WHAT THE TASK ASKS:
Using the listing below, return each line exactly as it reads.

SUPPLIED ENTRIES:
##########

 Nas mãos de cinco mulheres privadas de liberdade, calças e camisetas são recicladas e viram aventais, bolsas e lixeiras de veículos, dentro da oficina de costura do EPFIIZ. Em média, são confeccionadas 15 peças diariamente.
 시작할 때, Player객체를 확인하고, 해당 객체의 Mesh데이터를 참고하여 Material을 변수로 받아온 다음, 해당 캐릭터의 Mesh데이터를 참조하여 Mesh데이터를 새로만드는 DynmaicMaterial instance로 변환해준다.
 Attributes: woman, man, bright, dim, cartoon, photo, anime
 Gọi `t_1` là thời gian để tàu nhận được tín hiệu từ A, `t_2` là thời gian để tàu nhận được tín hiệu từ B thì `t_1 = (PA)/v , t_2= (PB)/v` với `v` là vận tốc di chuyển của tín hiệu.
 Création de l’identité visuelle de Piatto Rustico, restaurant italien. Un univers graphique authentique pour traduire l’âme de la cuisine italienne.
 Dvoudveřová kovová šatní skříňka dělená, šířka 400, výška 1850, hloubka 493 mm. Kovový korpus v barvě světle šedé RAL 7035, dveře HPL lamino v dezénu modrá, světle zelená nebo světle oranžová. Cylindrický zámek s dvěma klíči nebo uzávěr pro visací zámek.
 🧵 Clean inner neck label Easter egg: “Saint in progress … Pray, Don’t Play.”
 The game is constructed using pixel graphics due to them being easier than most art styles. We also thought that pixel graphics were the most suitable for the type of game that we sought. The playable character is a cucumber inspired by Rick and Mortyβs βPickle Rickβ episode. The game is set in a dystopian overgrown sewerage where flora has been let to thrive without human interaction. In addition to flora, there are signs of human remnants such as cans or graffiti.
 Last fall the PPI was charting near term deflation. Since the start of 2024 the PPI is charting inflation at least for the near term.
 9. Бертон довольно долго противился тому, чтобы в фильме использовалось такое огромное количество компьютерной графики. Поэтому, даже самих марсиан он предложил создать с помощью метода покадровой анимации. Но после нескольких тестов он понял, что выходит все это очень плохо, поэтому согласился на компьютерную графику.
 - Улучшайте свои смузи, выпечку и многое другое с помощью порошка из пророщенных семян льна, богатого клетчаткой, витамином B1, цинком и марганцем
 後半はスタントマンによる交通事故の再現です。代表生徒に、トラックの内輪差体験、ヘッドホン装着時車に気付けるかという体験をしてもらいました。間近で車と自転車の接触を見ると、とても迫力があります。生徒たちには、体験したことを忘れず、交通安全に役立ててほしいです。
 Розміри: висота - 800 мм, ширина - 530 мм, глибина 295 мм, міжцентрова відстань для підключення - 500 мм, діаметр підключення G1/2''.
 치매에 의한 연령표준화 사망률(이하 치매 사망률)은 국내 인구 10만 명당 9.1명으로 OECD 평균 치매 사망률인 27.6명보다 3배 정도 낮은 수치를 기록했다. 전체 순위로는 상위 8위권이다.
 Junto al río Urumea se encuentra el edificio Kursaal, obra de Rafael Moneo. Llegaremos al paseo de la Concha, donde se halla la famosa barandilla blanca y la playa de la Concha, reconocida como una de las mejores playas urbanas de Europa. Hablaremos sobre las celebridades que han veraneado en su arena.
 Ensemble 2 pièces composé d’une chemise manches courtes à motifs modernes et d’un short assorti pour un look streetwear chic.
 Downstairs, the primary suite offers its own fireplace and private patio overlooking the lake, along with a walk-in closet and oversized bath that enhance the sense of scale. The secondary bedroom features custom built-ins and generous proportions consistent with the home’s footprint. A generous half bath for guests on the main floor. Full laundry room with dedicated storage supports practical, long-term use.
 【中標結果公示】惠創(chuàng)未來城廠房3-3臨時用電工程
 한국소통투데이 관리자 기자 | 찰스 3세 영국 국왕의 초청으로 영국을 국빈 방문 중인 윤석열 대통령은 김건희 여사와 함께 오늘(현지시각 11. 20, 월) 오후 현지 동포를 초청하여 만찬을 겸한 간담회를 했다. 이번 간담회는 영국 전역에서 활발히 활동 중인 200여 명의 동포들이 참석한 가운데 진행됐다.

##########

TASK RESPONSE:
 Nas mãos de cinco mulheres privadas de liberdade, calças e camisetas são recicladas e viram aventais, bolsas e lixeiras de veículos, dentro da oficina de costura do EPFIIZ. Em média, são confeccionadas 15 peças diariamente.
 시작할 때, Player객체를 확인하고, 해당 객체의 Mesh데이터를 참고하여 Material을 변수로 받아온 다음, 해당 캐릭터의 Mesh데이터를 참조하여 Mesh데이터를 새로만드는 DynmaicMaterial instance로 변환해준다.
 Attributes: woman, man, bright, dim, cartoon, photo, anime
 Gọi `t_1` là thời gian để tàu nhận được tín hiệu từ A, `t_2` là thời gian để tàu nhận được tín hiệu từ B thì `t_1 = (PA)/v , t_2= (PB)/v` với `v` là vận tốc di chuyển của tín hiệu.
 Création de l’identité visuelle de Piatto Rustico, restaurant italien. Un univers graphique authentique pour traduire l’âme de la cuisine italienne.
 Dvoudveřová kovová šatní skříňka dělená, šířka 400, výška 1850, hloubka 493 mm. Kovový korpus v barvě světle šedé RAL 7035, dveře HPL lamino v dezénu modrá, světle zelená nebo světle oranžová. Cylindrický zámek s dvěma klíči nebo uzávěr pro visací zámek.
 🧵 Clean inner neck label Easter egg: “Saint in progress … Pray, Don’t Play.”
 The game is constructed using pixel graphics due to them being easier than most art styles. We also thought that pixel graphics were the most suitable for the type of game that we sought. The playable character is a cucumber inspired by Rick and Mortyβs βPickle Rickβ episode. The game is set in a dystopian overgrown sewerage where flora has been let to thrive without human interaction. In addition to flora, there are signs of human remnants such as cans or graffiti.
 Last fall the PPI was charting near term deflation. Since the start of 2024 the PPI is charting inflation at least for the near term.
 9. Бертон довольно долго противился тому, чтобы в фильме использовалось такое огромное количество компьютерной графики. Поэтому, даже самих марсиан он предложил создать с помощью метода покадровой анимации. Но после нескольких тестов он понял, что выходит все это очень плохо, поэтому согласился на компьютерную графику.
 - Улучшайте свои смузи, выпечку и многое другое с помощью порошка из пророщенных семян льна, богатого клетчаткой, витамином B1, цинком и марганцем
 後半はスタントマンによる交通事故の再現です。代表生徒に、トラックの内輪差体験、ヘッドホン装着時車に気付けるかという体験をしてもらいました。間近で車と自転車の接触を見ると、とても迫力があります。生徒たちには、体験したことを忘れず、交通安全に役立ててほしいです。
 Розміри: висота - 800 мм, ширина - 530 мм, глибина 295 мм, міжцентрова відстань для підключення - 500 мм, діаметр підключення G1/2''.
 치매에 의한 연령표준화 사망률(이하 치매 사망률)은 국내 인구 10만 명당 9.1명으로 OECD 평균 치매 사망률인 27.6명보다 3배 정도 낮은 수치를 기록했다. 전체 순위로는 상위 8위권이다.
 Junto al río Urumea se encuentra el edificio Kursaal, obra de Rafael Moneo. Llegaremos al paseo de la Concha, donde se halla la famosa barandilla blanca y la playa de la Concha, reconocida como una de las mejores playas urbanas de Europa. Hablaremos sobre las celebridades que han veraneado en su arena.
 Ensemble 2 pièces composé d’une chemise manches courtes à motifs modernes et d’un short assorti pour un look streetwear chic.
 Downstairs, the primary suite offers its own fireplace and private patio overlooking the lake, along with a walk-in closet and oversized bath that enhance the sense of scale. The secondary bedroom features custom built-ins and generous proportions consistent with the home’s footprint. A generous half bath for guests on the main floor. Full laundry room with dedicated storage supports practical, long-term use.
 【中標結果公示】惠創(chuàng)未來城廠房3-3臨時用電工程
 한국소통투데이 관리자 기자 | 찰스 3세 영국 국왕의 초청으로 영국을 국빈 방문 중인 윤석열 대통령은 김건희 여사와 함께 오늘(현지시각 11. 20, 월) 오후 현지 동포를 초청하여 만찬을 겸한 간담회를 했다. 이번 간담회는 영국 전역에서 활발히 활동 중인 200여 명의 동포들이 참석한 가운데 진행됐다.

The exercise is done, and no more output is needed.